Of course, I hope this person will be me one day, but I am at least wise enough to know that if that day ever comes, it will be a long way off. And will I be deserving, even?

Most people think me a good daughter, a dutiful and loving one, and I am. But I have not always honored my own parents. In fact, I have dishonored them in countless ways, big and small, over the years. Perhaps dishonor is too strong a word here. But I have certainly failed to honor them, by not heeding their advice, by not living by their good example, and by rarely learning from my own stupid mistakes, especially when I was young and so dim as to not see that they are people deserving of all the honor I have to give.

At forty, I find that I am thinking quite a lot about how to honor my mother and father. And one does that in different ways at different stages of life.

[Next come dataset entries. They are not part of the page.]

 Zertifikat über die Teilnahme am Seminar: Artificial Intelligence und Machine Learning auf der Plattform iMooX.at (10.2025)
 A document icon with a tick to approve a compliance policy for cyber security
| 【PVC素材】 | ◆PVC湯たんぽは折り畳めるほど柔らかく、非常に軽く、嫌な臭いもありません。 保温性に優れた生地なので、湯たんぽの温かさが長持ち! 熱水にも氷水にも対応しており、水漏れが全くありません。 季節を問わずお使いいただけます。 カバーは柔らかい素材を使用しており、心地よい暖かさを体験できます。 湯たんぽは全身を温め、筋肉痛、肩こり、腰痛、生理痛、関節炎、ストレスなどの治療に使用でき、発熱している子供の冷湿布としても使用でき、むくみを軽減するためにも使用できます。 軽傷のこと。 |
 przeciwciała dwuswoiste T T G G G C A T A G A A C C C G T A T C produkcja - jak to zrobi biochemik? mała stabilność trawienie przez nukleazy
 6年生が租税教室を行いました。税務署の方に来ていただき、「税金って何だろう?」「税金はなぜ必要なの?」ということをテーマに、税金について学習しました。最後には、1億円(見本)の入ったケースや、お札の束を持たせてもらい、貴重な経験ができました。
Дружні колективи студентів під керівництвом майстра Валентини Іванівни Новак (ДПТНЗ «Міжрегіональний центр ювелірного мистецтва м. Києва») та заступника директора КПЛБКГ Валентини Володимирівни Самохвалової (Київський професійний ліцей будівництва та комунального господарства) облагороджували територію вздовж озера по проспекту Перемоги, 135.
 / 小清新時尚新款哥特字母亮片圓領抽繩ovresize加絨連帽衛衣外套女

In one’s midlife, of course, it would be insufficient to merely take the good advice of a parent and learn from one’s mistakes, though that would at least be a start. No, I have reached a point in life at which honoring them while they are living means having to take a long, hard look at my own life and the choices I have made and make every day, and to ask myself: am I living a life of which they have thought me capable and worthy, both by virtue of being their flesh and blood and by way of the innumerable resources they have bestowed upon me? The answer to that question is almost certainly not yes. It’s not necessarily no either. It’s likely somewhere in between, loosely tethered to the clichéd concept of a “work in progress.” How…unremarkable.

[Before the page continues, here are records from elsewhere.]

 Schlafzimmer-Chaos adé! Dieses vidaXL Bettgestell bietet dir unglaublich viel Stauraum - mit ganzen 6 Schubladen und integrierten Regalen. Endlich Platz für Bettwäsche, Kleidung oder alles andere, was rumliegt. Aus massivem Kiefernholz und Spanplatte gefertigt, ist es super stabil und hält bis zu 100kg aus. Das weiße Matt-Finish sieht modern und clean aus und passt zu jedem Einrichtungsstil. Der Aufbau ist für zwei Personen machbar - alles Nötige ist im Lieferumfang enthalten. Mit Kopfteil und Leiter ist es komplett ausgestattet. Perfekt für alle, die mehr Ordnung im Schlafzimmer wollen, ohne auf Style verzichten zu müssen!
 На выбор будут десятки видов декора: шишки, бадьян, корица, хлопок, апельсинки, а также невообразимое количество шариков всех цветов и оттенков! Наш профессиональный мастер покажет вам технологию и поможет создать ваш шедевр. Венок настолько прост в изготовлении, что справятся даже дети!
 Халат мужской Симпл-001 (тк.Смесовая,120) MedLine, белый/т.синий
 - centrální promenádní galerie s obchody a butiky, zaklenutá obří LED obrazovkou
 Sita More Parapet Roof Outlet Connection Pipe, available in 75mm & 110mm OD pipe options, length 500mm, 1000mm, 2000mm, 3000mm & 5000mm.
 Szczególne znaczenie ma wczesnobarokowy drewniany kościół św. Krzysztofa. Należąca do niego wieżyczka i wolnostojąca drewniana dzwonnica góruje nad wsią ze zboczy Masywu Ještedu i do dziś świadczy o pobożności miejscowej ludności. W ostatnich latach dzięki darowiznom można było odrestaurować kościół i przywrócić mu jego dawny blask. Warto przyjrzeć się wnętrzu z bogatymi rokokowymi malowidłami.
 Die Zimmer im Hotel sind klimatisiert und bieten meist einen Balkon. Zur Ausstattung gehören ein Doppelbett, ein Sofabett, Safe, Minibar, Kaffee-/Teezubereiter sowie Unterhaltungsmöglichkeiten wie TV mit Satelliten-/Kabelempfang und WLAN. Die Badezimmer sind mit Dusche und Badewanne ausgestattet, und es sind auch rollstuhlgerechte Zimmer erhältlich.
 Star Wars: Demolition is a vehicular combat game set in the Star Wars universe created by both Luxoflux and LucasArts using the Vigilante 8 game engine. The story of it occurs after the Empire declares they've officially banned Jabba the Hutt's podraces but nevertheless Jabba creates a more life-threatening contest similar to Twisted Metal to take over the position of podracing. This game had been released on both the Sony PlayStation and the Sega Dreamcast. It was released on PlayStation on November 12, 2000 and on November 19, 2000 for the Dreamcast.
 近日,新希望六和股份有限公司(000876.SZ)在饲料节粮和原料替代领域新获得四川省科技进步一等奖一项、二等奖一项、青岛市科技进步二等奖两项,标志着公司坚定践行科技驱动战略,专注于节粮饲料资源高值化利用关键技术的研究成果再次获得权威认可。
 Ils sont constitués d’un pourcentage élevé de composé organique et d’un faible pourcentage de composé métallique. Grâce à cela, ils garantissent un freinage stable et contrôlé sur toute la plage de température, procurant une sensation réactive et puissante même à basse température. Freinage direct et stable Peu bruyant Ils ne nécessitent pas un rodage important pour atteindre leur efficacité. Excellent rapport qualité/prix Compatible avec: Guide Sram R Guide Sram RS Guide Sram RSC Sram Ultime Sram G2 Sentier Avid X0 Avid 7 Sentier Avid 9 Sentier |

I find it odd and somewhat unfortunate that a concept like honor is generally thought to reside in the domain of religion or antiquated traditions. Indeed, it creeps right up next to something like the concept of obedience among liberals (and in the Book of Ephesians, where the commandments are given, honor comes directly after the commandment to obey your parents), and we think those who use it in the way my uncle did—in a casual sort of way, but suggestive of a hierarchy and a conference of authority—to be a bit out of touch with the values of an egalitarian and free society. I confess this might be my usual response to the directive: honor your mother. And, yet, so much of my own inner-strife these days is ultimately about a fear that I will fail to do so, and not because of some unhealthy psycho-emotional hang-up from which I must release myself in order to be truly happy and self-actualized (and other things one learns in therapy). Rather, the fear of failing to honor both my mother and my father is completely rational, because it would mean that I have not lived the good and noble life they set out for me to live by their own example.

A person is never really lonely if they have people in their life who have earned the distinction of honor, and I count myself among those so blessed. For I have many. There is so much work to be done.

What a privilege it was to honor Cliff, in life and in death. We will miss you so.